Dijital Oyun Pazarı: Dünya ve Türkiye

Bir haber:
“Tüm dünyada 110 milyar dolarlık bir endüstri... Türkiye’de pazar büyüklüğü 400 milyon dolar. Bunun 20 milyon doları yerli geliştiriciler tarafından tasarlanıyor. İhracatları 200 milyon dolar... Sektörde 30’a yakın firma var, Türkiye’deki geliştiricilerin sayısı ise, üç haneli rakamları buluyor.”
Her zaman söylediğimizi, burada oyun için de yineleyelim:
Türkiye, araba gibi, 100 küsur yıllık teknolojilerle uğraşarak, teknoloji icatçısı olamaz, ancak ve ancak (günü gününe bile değil) anı anına o atağın sürdüğü alanlarda bu işi becerebilir.
Uzaycılık o alanlardan biridir ve orada feci çuvalladık. Ancak, dijital oyun pazarındaki atağımız makul olmuş.
Türkiye, Dünya’nın % 1’i gibidir, o zaman da bu, 1,1 milyar dolar eder oyun pazarında. Türkiye’de ise, 400 milyon dolar imiş. Demek ki gelişme devam edecek.
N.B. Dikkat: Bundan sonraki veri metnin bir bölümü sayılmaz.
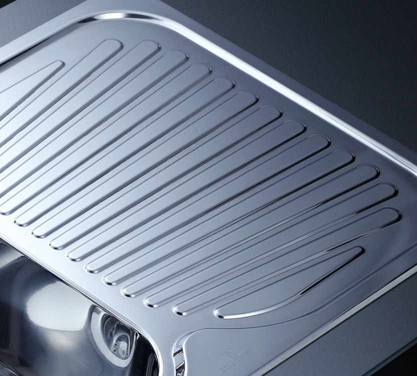 阿發(fā)水槽立邊采用國際先進(jìn)的10-25°小R角一次成型拉伸技術(shù),更具立體感與時(shí)尚潮流,亦能充分?jǐn)U展水槽利用空間;一次成型拉伸技術(shù),杜絕了焊接工藝易產(chǎn)生的水槽生銹,脫焊事故,充分保障水槽50年以上的使用壽命
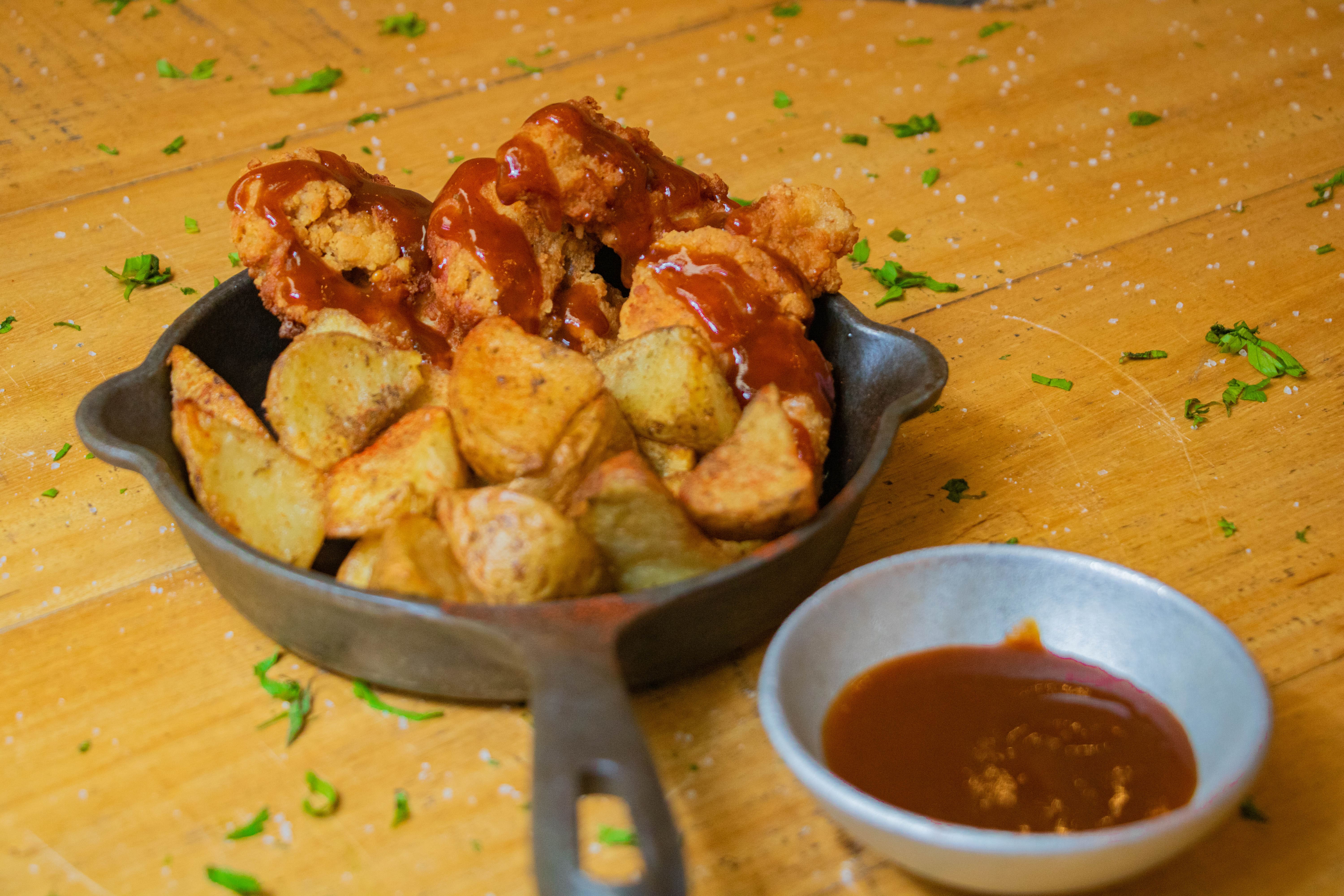 Papa en cascos, pernil de pollo desmechado, plátano maduro en cubos, maíz tierno, salsa BBQ y guacamole.
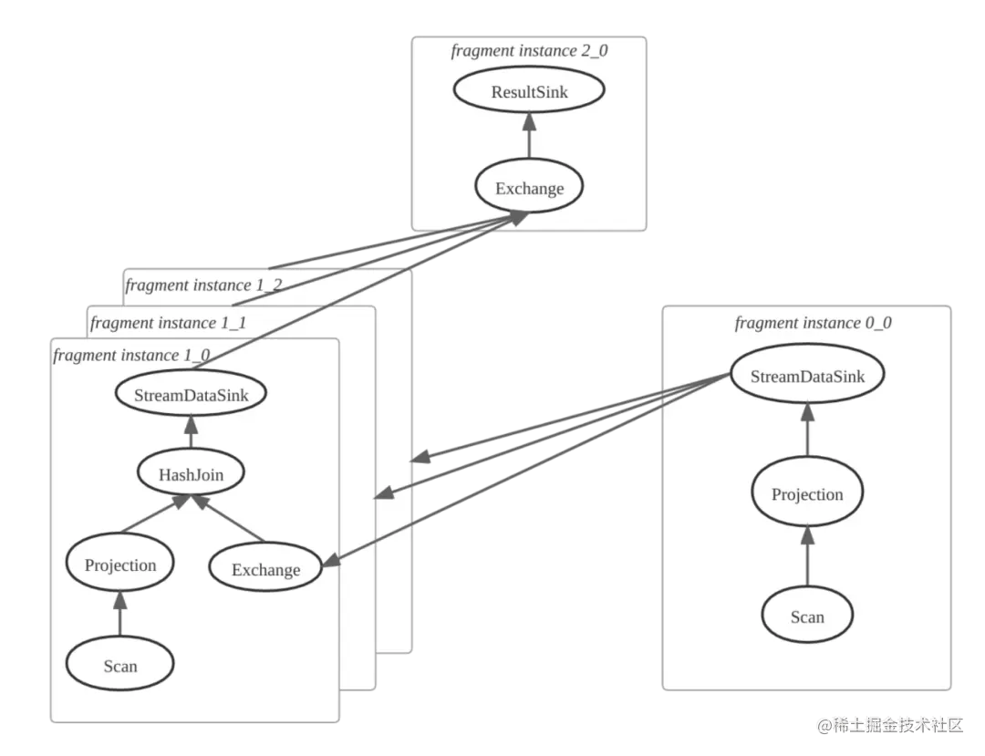 第二步: FE 确定 PlanFragment 的实例数量,创建 Fragment Instance。如果一个 Fragment Instance 把另外一个 Fragment Instance 的输出结果作为输入, 则产生数据的一方为上游, 输入数据的一方为下游,上游插入 DataStreamSink 用来发送数据,下游插入 ExchangeNode 算子用来接收数据。如下图所示,其中 PlanFragment 1 有 3 个 Fragment Instance。
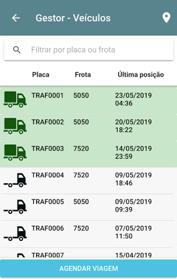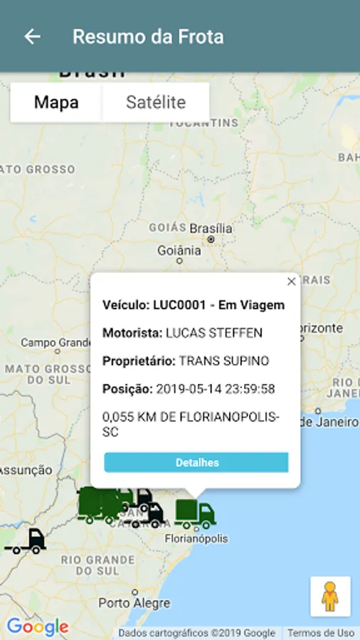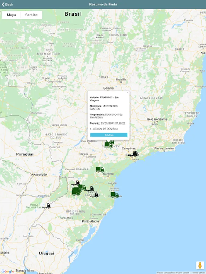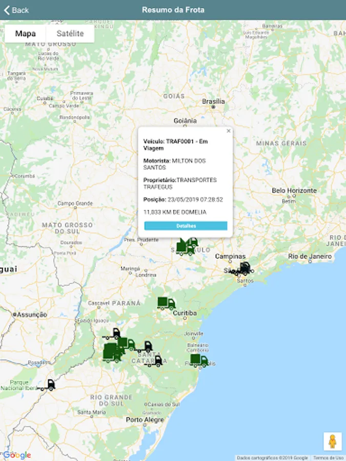 These positions are shared with the Trafegus system (web and desktop software) to control deviation events, entrances and exits at registered locations and travel tracking.
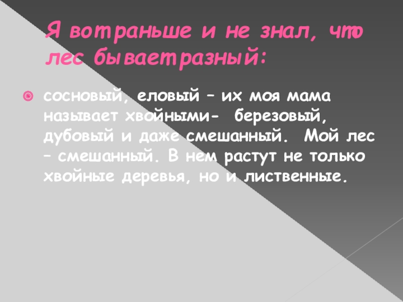 Слайд 5Я вот раньше и не знал, что лес бывает разный:
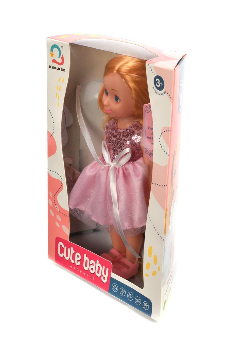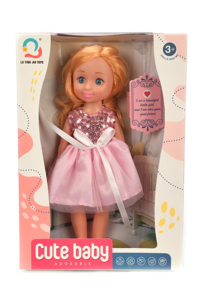 Кукла классическая "Cute Baby" 25 см, подвижные руки/ноги, розовое платье с блестками, текстиль/пластик

Bunun % 5’i yerli imiş. Maksimum % 50’si olabilir ve bu iş her zaman çokülkelidir.
Sonrası ise, eleştiri:
30 şirket de çok, 100-900 geliştirici de. Demek ki hevesli çok. Türkler, yine hızlı başlayıp, tamamlamadan hızlı bırakma, modunda demek ki.
Oyun programı / yazılımı tasarlamakla, oyun bilgisayarı devresi tasarlamak, ilkede aynı şeyler. Yani, biraz çokkonulu veya bir konunun birleşik / eşlenik alanlarını birarada çalışabilen, çoklu gidişli olmak gerekli. Yoksa, ABD gibi, mekiği uçurup ama indiremeyip, içindekileri gömersiniz.
Yani:
Model yok.
Tanzimat’tan beridir, Batı bellediklerimizin poposunun dibinden gidiyoruz.
Bu hesap olmadı.
O zaman, açılmış yollarda yürümek yerine, açılmamış sapa yollarda yürümek veya ayaz sularda yüzmek gerekli demek ki.

Biraz da öyle denenebilir. Nasıl olsa, her durumda battık.